More than a dozen peer-reviewed, published studies indicate that hunting bears does nothing to resolve conflicts. Bear hunters are out in the woods trying to find the biggest trophy. Public education campaigns, on the other hand, can work to alleviate human-bear conflicts.
Over 1,300 bears were killed in the 2022 hunt alone. California does not need to allow a second tag for more bears to be killed.
Please personalize to reflect your own voice. Also, do not feel like you have to say a lot. You are encouraged to call even if only to say “I support a management plan that doesn’t include hunting.”
I ask that California’s new black bear management plan consider all the benefits that black bears confer to people and to the ecosystems. Bears are of considerable ecotourism value to local communities and are important to the ecology of their habitats.
According to the National Park Service, in 2021 more than 3 million park visitors spent an estimated $437 million in local gateway regions while visiting Yosemite National Park, supporting 5,600 jobs and $603 million in economic output in local gateway economies. Many people go to Yosemite National Park primarily hoping to view and photograph black bears.
Black bears contribute to biological diversity through their various feeding behaviors. For example, bears spread more seeds than birds.
The new management plan should consider that since it was last updated in 1998, California’s landscape has radically changed for bears in the past 25 years—including the climate crisis that has resulted in a “Megadrought,” the worst drought in 1,200 years, along with record wildfires and extreme heat waves.

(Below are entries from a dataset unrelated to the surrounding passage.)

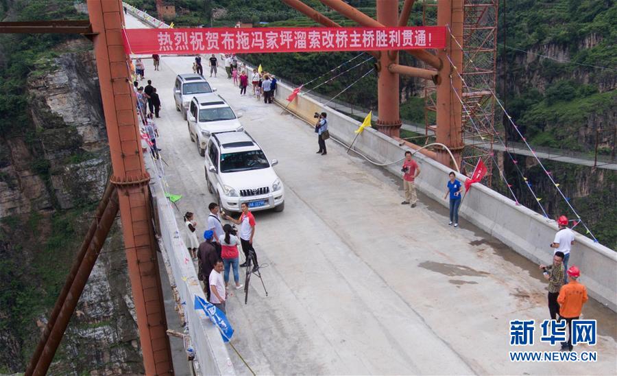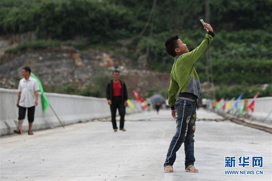7月10日,四川冯家坪村的吉立莫你作在贯通后的跨江大桥上为家人拍照留念。 新华社记者 江宏景摄
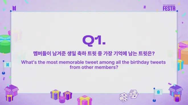 Q1. 멤버들이 남겨준 생일 축하트윗 중 가장 기억에 남는 트윗은?
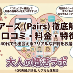 国内最大の会員数2,000万人を誇るペアーズは、40代男性の婚活においても最優先で登録すべきアプリです。「40代婚活」「年上好き」などのコミュニティに参加することで、年齢をポジティブに活かしたアプローチができます。
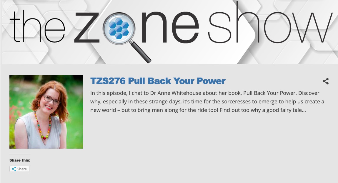 Last week I had the great pleasure of being interviewed by the author Tom Evans on his podcast The Zone Show. He’s definitely a kindred spirit! We talked about sorceresses, alchemy, transmutation, female power archetypes and fairy tales. We also discuss how women can finally free ourselves from the legacy of our disempowered past, reject the limitations placed on us by history, and finally embrace our full magical power again. Not only that, we also look at the other side of the coin – male empowerment – which happens to be the subject of my next book.
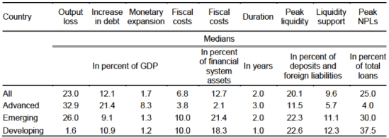 Zgodovinska primerjava stroškov bančnih kriz v obdobju 1970-2011 kaže, da so fiskalni stroški krize v razvitih državah običajno manjši (v povprečju 3.8% BDP) kot v manj razvitih državah (10% BDP), vendar pa so stroški v obliki povečanega dolga (21% BDP) in izgubljenega BDP (33%) v razvitih državah precej višji (glej tabelo 1). Z drugimi besedami, v povprečju je bančna kriza v razvitih državah v zadnjih štirih desetletjih prinesla povečanje javnega dolga za petino in zmanjšanje potencialno dosegljivega BDP za eno tretjino.
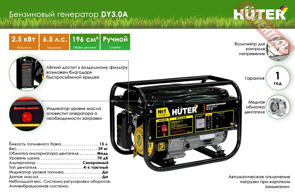 Бензиновый генератор HUTER DY3.0A - электрическая машина, предназначенная для автономного электроснабжения. В качестве первичного двигателя используется четырёхтактный карбюраторный двигатель, топливом для которого является неэтилированный бензин. Электрогенератор предназначен для получения электроэнергии в тех местах, где отсутствует магистральное электроснабжение. Это касается, как частных домов, где генераторы могут использоваться в качестве резервного источника питания, так и различных участков работ, где нужно электропитание для оборудования и проведения работ. Электрогенераторы HUTER много лет являются лидерами на российском рынке. Генераторы отличаются высоким качеством и надёжностью.
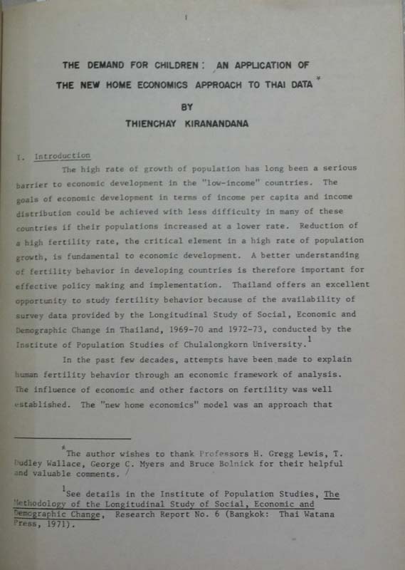 An Application of the New Home Economics Approach to Thailand
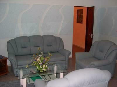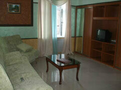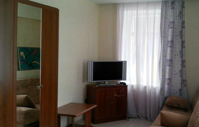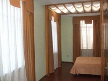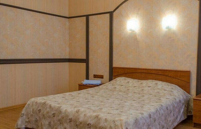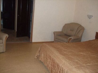 Двухкомнатные апартаменты, спальня с двуспальной кроватью, гостиная с мягкой зоной, шкаф, столик, тумбы, телевизор, холодильник, туалет, умывальник, душ.
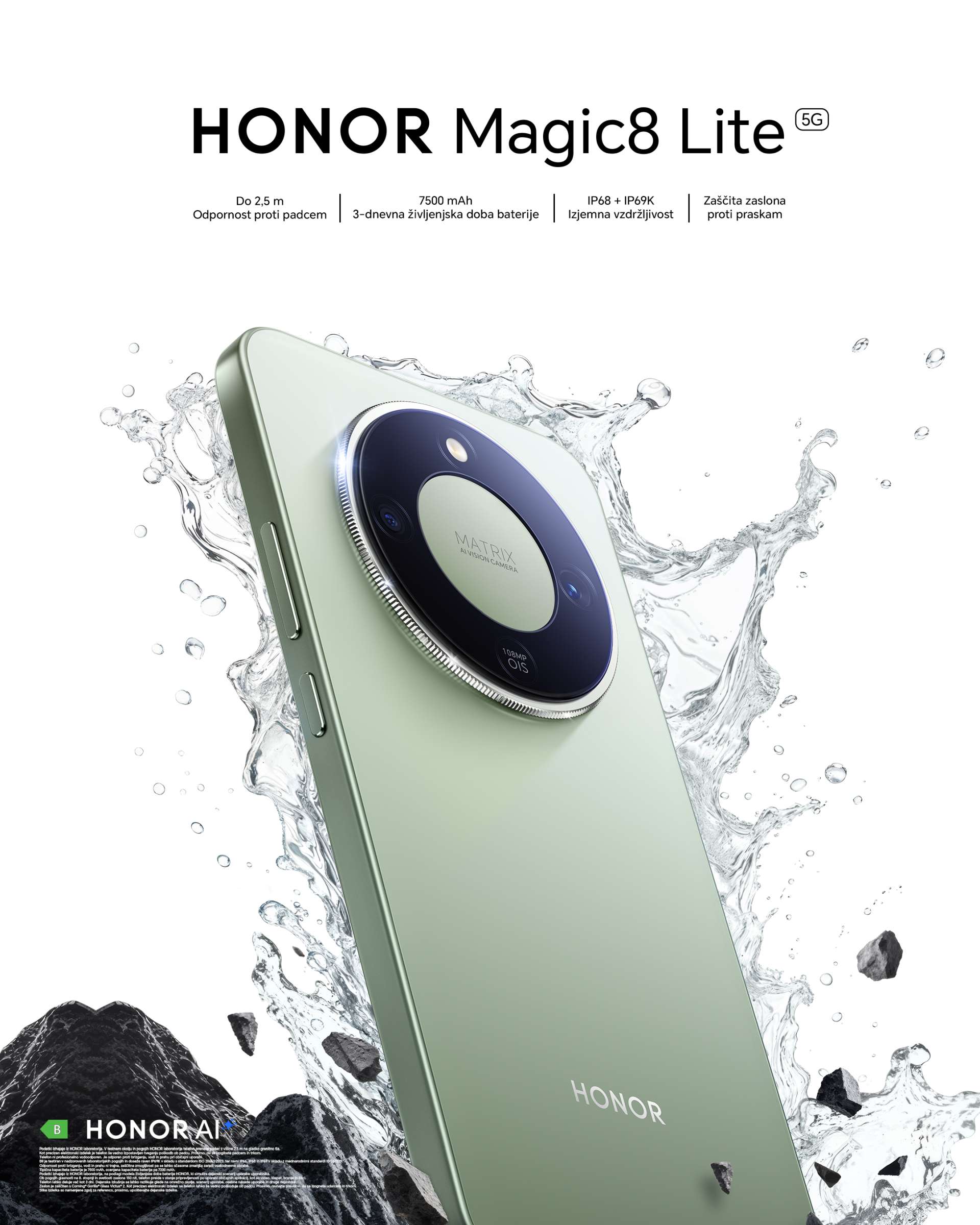 HONOR Magic8 Lite izstopa z nadpovprečno vzdržljivostjo za pametni telefon srednjega razreda. Opremljen je s certifikatoma SGS Triple Resistant Premium Performance in SGS 5-Star Comprehensive Reliability, podpira odpornost proti padcem do 2,5 metra ter zaščito pred vodo in prahom po standardih IP68 in IP69K. Naprava je zasnovana za zanesljivo delovanje v zahtevnejših vsakodnevnih pogojih.
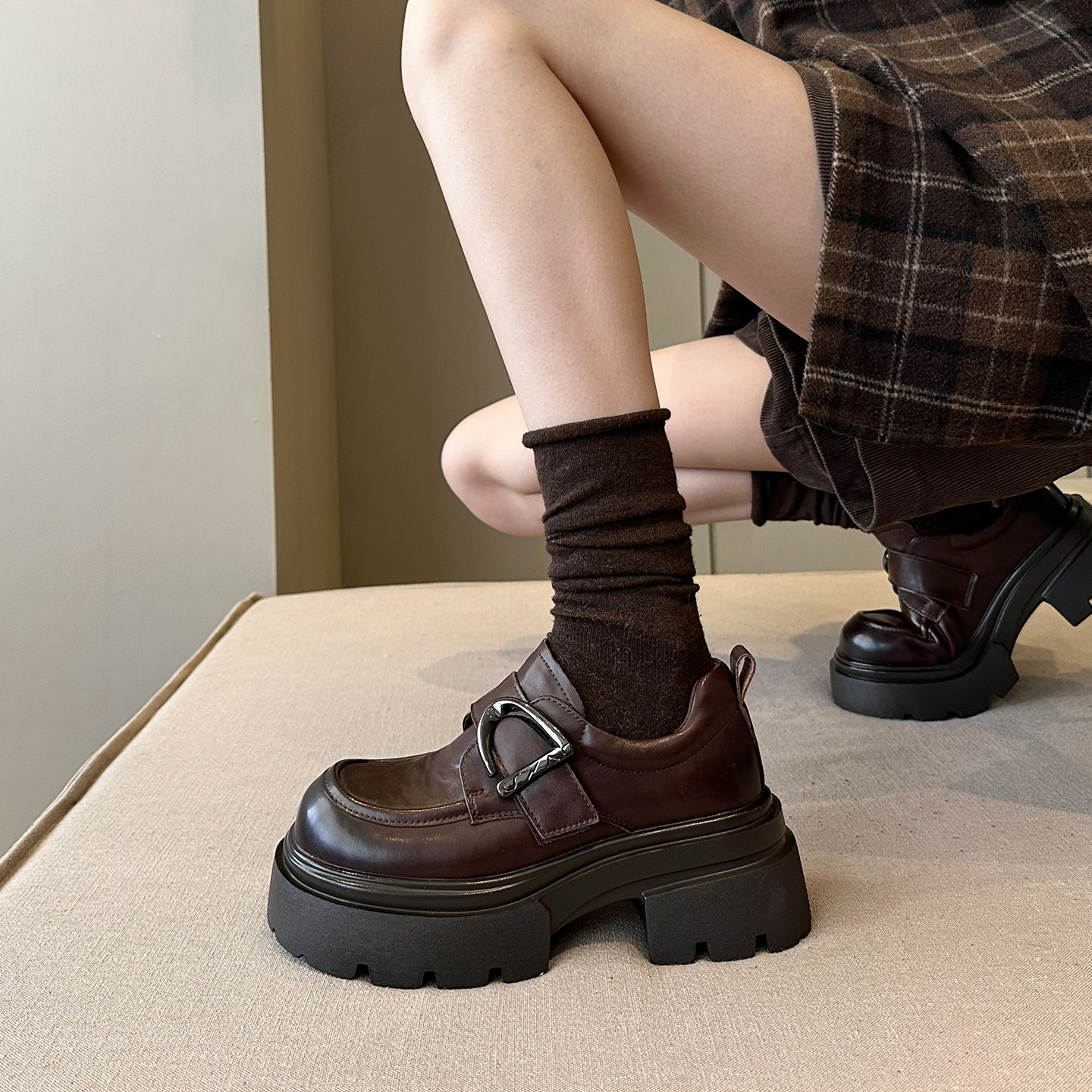 厚底乐福鞋女2025秋冬新款小皮鞋
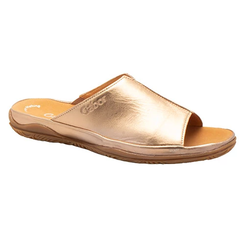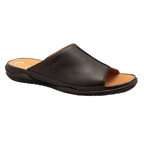 Easy to slide on sandal with soft and flexible uppers and hidden elastic for an easy on fit. Microfibre covered contoured footbed provides luxurious comfort and support. Durable rubber outsole with grip pattern.
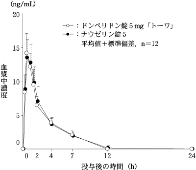 *ドンペリドン錠5mg「トーワ」とナウゼリン錠5を、クロスオーバー法によりそれぞれ2錠(ドンペリドンとして10mg)健康成人男子に絶食単回経口投与して血漿中未変化体濃度を測定し、得られた薬物動態パラメータ(AUC、Cmax)について統計解析を行った結果、両剤の生物学的同等性が確認された。1)
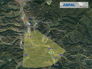 Nella foto la proiezione su mappa delle condizioni più verosimili e cautelative per la ricaduta delle polveri
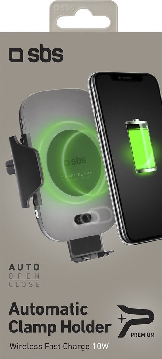 SBS Wagenhouder met draadloze oplader en klem - Zwart
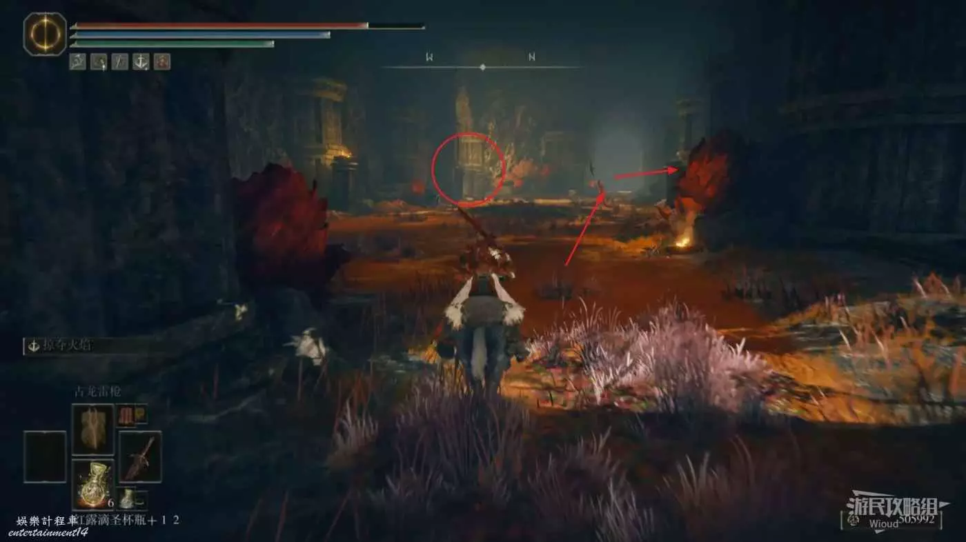 後面從第二個賜福點往回走,右側第一個大門就是火吻遺跡的入口。
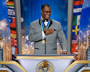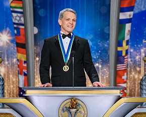 Noch viele weitere Berichte wurden präsentiert, doch die wichtigsten waren jene über die Stars dieses strahlenden und lebendigen Abends: die drei IAS-Freiheitsmedaillengewinner. Jeder von ihnen verkörpert den unablässigen Fortschritt auf das Ziel der Scientology Religion hin: eine friedliche, produktive und verbrechensfreie Welt, wo soziale Gerechtigkeit herrscht. Als David Miscavige sie einen nach dem anderen vorstellte, zeigten sich in ihren Geschichten Gemeinsamkeiten hinsichtlich ihrer Arbeitsethik, ihres Durchhaltevermögens und ihrer Hingabe:
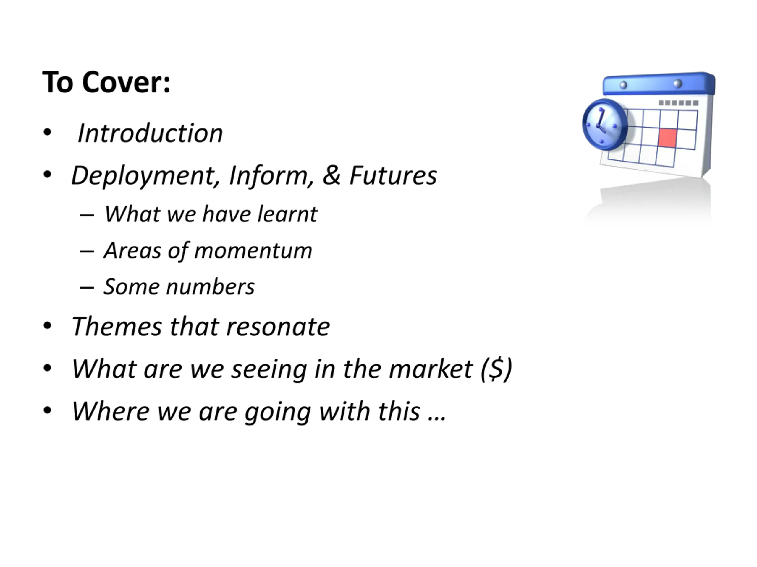 To Cover: Introduction Deployment, Inform, & Futures What we have learnt Areas of momentum Some numbers Themes that resonate What are we seeing in the market ($) Where we are going with this
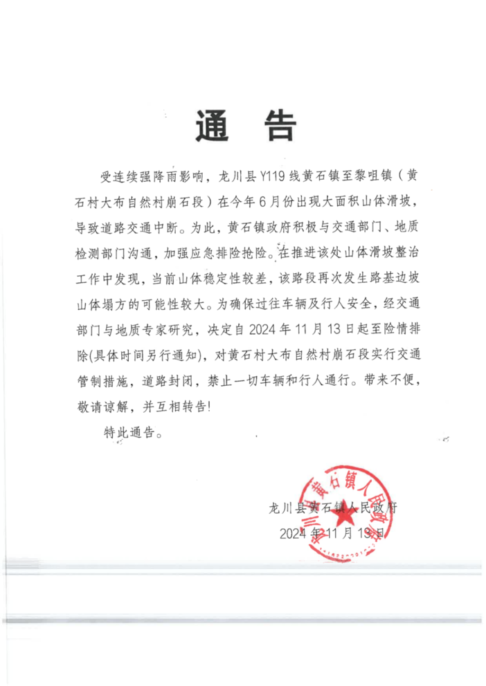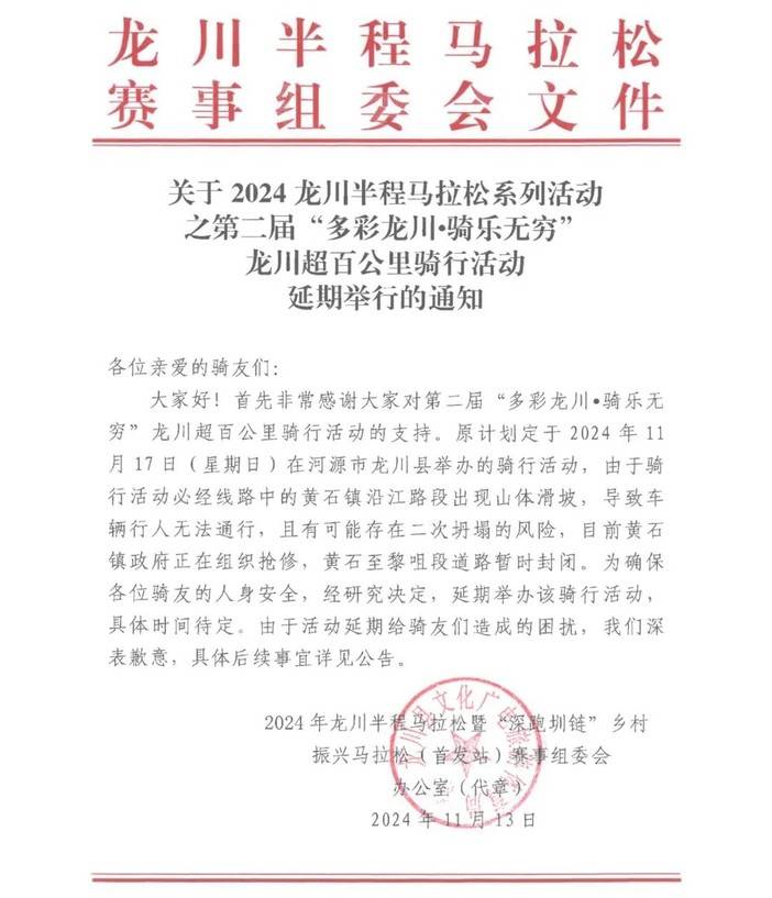 大家好!首先非常感谢大家对2024第二届龙川超百公里骑行活动的支持。原计划定于2024年11月17日(星期日)在河源市龙川县举办的2024年第二届‘多彩龙川·骑乐无穷’龙川超百公里骑行活动,由于骑行活动必经线路中的黄石镇沿江路段有突发山体滑坡,导致车辆行人无法通行,且有可能存在二次坍塌,目前黄石镇政府正在组织抢修,黄石至黎咀段道路暂时封闭。为确保各位骑友的人身安全,经研究决定, 延期举办该骑行活动,具体时间待定 ,由于活动延期给骑友们造成的困扰,我们深表歉意!

All of these factors combined mean that bears must work harder to find food, resulting in record numbers of vehicle- bear collisions, especially for mother bears with cubs.
The management plan should recommend banning archery equipment for hunting black bears. Arcadia residents last fall witnessed and heard a beloved, neighborhood black bear wandering with an arrow sticking from his body and crying in distress. Using archery equipment on black bears is unacceptably cruel because their massive muscles and dense bones make obtaining quick, clean kills very difficult. How many bears are wounded every year and then slowly die from injuries caused by arrows? If the stated objective of hunters is to kill bears quickly and humanely, there is simply no justification for the use of this archaic equipment.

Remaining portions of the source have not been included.